● **What to do**: Copy verbatim the block of lines in the entries below whose first line contains "Just young male" and whose last line contains "La Presidenta de". Leave out all other lines.

● **Records supplied**:
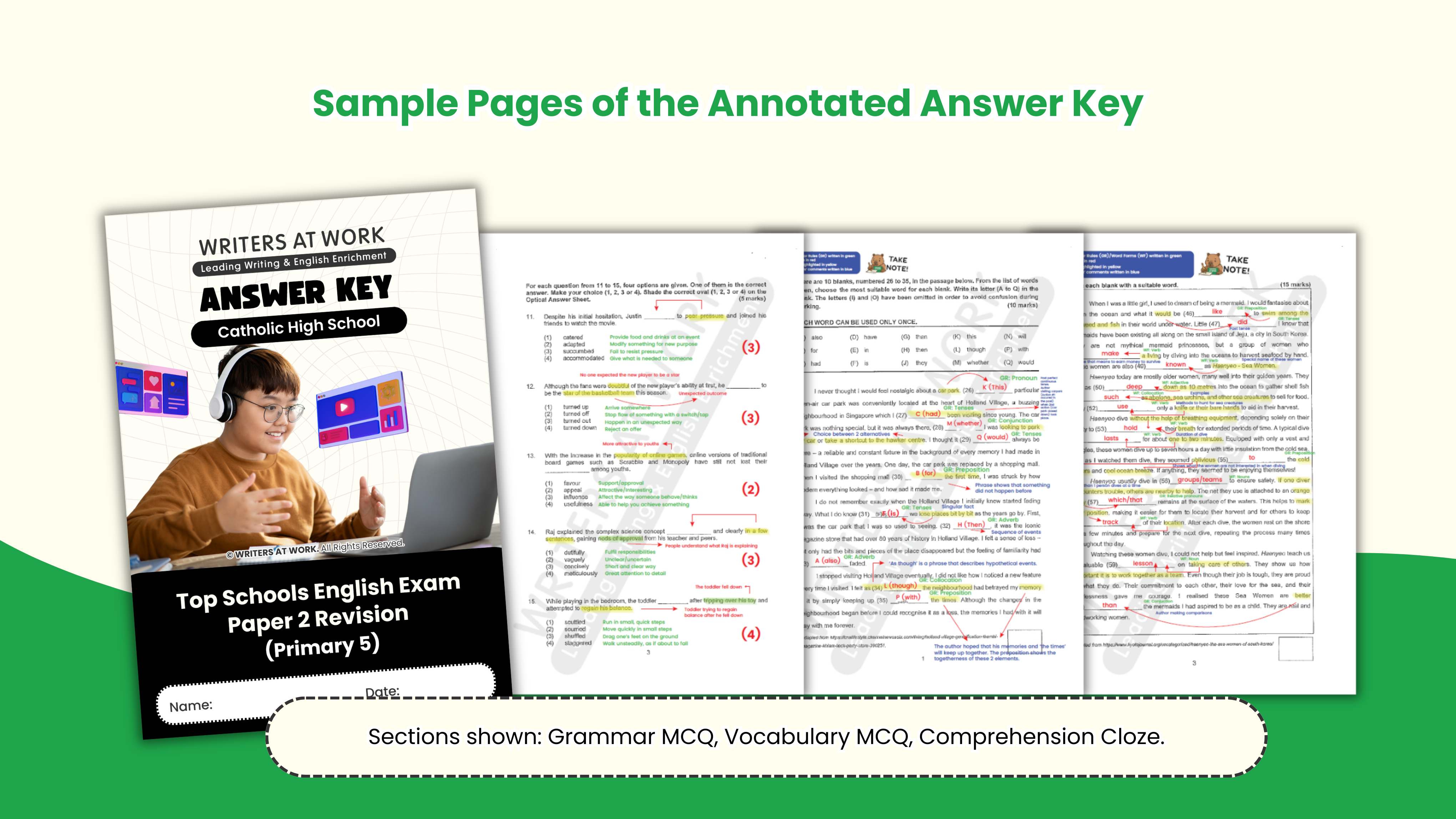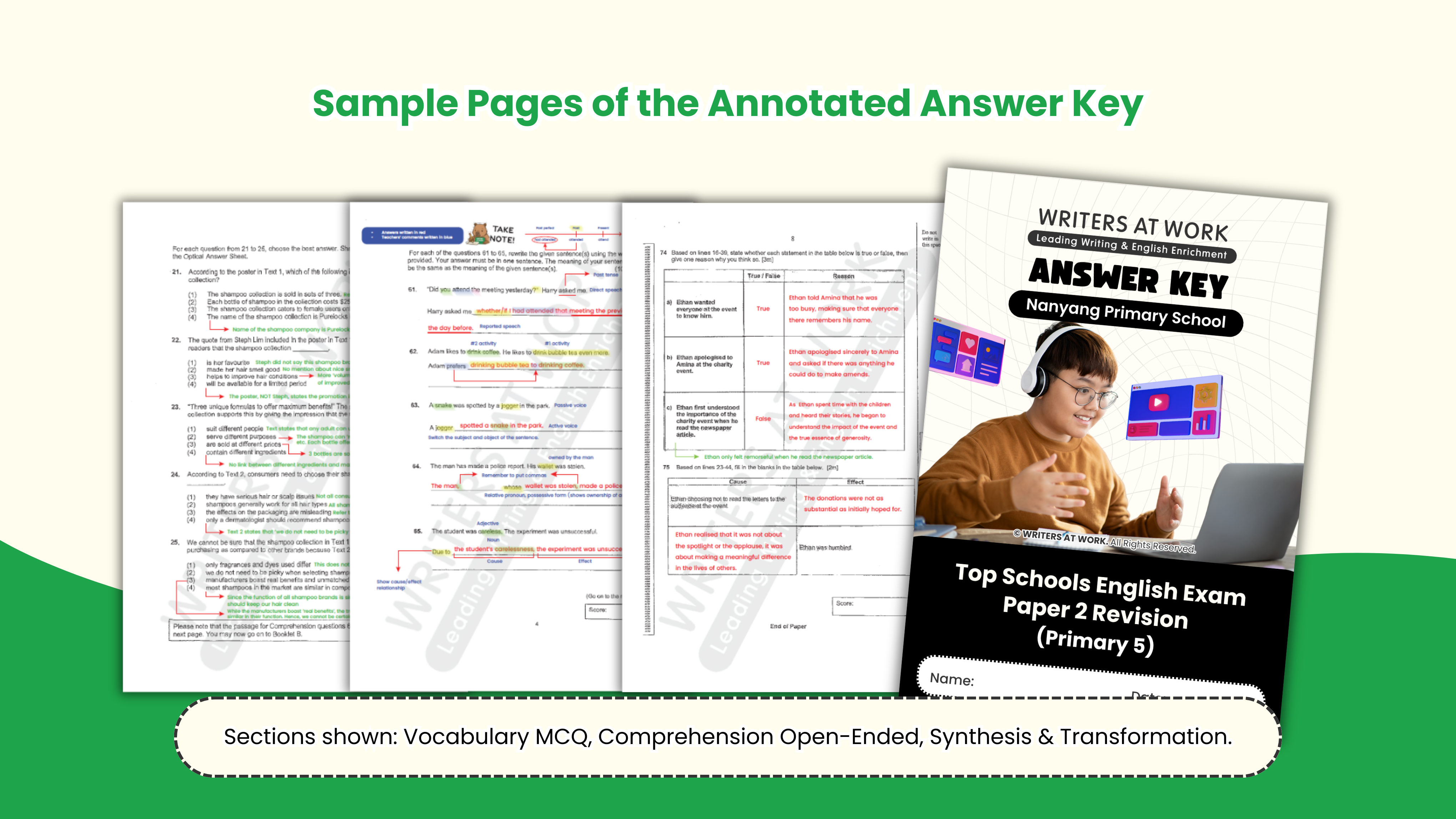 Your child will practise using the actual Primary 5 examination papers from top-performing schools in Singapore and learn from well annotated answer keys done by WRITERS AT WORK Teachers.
---
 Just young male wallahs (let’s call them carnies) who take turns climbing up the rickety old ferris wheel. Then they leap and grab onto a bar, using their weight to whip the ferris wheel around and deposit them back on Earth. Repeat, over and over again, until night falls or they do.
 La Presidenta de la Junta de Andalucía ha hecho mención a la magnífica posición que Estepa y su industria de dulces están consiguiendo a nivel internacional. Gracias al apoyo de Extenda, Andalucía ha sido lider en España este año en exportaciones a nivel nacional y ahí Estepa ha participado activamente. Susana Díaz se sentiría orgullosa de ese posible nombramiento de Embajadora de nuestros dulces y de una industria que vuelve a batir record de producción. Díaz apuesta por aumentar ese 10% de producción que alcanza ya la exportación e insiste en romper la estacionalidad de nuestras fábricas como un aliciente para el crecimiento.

● **Exercise response**:
 Just young male wallahs (let’s call them carnies) who take turns climbing up the rickety old ferris wheel. Then they leap and grab onto a bar, using their weight to whip the ferris wheel around and deposit them back on Earth. Repeat, over and over again, until night falls or they do.
 La Presidenta de la Junta de Andalucía ha hecho mención a la magnífica posición que Estepa y su industria de dulces están consiguiendo a nivel internacional. Gracias al apoyo de Extenda, Andalucía ha sido lider en España este año en exportaciones a nivel nacional y ahí Estepa ha participado activamente. Susana Díaz se sentiría orgullosa de ese posible nombramiento de Embajadora de nuestros dulces y de una industria que vuelve a batir record de producción. Díaz apuesta por aumentar ese 10% de producción que alcanza ya la exportación e insiste en romper la estacionalidad de nuestras fábricas como un aliciente para el crecimiento.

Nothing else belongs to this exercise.